§ **Work task**: Write out exactly the lines of the entries below from the one holding "Figura del dio" to the one holding "봄 기운이 완연한 녹차밭과 한라산에 남은 잔설. 한라일보DB", inclusive, and leave out all other lines.

§ **Information**:
****************

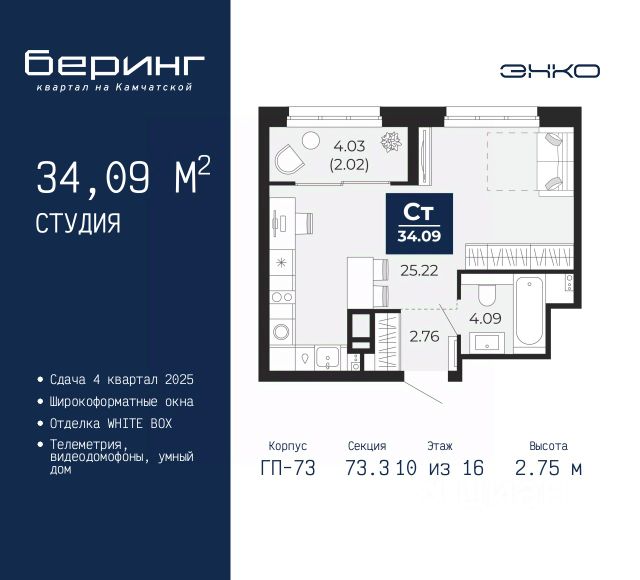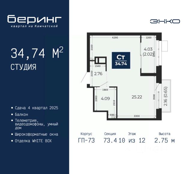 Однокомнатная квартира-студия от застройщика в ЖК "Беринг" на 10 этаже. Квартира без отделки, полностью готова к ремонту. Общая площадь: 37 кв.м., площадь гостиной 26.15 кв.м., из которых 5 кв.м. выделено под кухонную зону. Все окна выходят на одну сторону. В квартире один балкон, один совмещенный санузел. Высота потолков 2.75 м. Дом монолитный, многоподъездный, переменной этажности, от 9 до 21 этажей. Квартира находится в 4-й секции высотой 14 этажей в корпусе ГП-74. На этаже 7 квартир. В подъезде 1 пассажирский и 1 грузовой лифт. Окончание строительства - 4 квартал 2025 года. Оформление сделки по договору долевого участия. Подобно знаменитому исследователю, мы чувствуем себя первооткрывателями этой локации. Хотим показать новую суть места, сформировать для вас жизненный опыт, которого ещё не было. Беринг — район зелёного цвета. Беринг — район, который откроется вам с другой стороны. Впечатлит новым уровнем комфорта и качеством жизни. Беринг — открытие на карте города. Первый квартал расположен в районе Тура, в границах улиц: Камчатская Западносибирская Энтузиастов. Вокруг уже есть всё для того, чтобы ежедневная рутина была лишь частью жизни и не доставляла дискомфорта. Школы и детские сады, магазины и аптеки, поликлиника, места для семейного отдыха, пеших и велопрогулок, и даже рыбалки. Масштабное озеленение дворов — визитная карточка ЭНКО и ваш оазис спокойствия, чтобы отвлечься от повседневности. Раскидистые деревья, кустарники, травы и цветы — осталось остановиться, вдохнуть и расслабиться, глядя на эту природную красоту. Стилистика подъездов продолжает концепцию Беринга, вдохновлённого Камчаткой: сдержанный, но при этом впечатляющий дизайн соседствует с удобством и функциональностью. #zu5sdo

****************

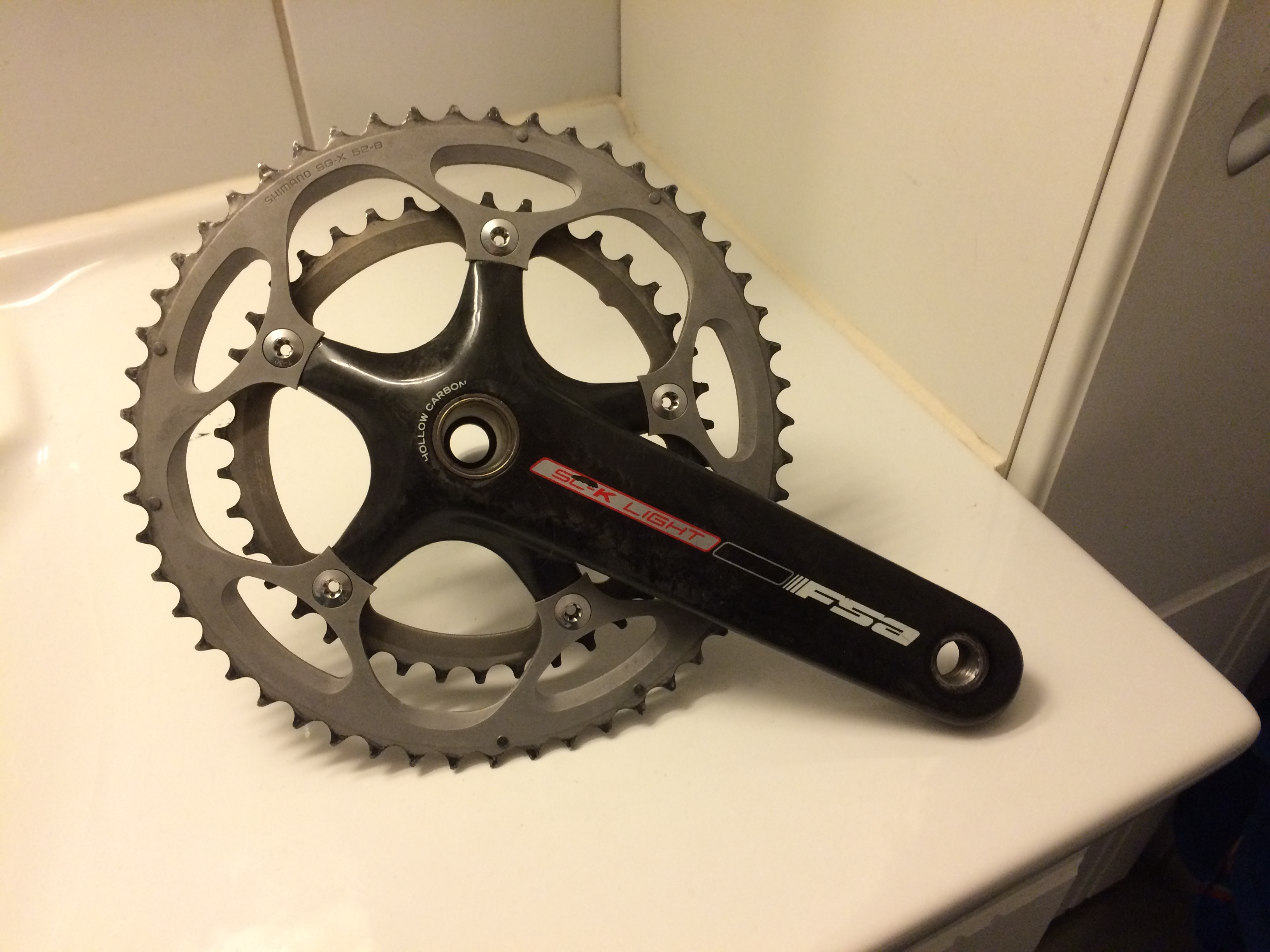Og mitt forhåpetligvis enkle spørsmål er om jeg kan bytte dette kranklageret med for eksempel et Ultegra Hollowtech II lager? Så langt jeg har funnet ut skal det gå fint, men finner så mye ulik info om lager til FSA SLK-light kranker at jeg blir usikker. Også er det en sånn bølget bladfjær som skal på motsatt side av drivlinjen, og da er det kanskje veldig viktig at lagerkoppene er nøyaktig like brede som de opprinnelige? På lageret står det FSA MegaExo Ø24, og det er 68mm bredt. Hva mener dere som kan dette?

****************

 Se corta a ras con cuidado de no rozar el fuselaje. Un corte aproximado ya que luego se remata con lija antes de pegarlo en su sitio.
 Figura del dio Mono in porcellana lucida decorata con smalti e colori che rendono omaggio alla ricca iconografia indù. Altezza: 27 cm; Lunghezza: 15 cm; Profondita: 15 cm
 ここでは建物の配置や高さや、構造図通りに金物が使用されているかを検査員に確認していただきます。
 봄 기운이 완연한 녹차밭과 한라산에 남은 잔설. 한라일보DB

****************

§ **Response box**:
 Figura del dio Mono in porcellana lucida decorata con smalti e colori che rendono omaggio alla ricca iconografia indù. Altezza: 27 cm; Lunghezza: 15 cm; Profondita: 15 cm
 ここでは建物の配置や高さや、構造図通りに金物が使用されているかを検査員に確認していただきます。
 봄 기운이 완연한 녹차밭과 한라산에 남은 잔설. 한라일보DB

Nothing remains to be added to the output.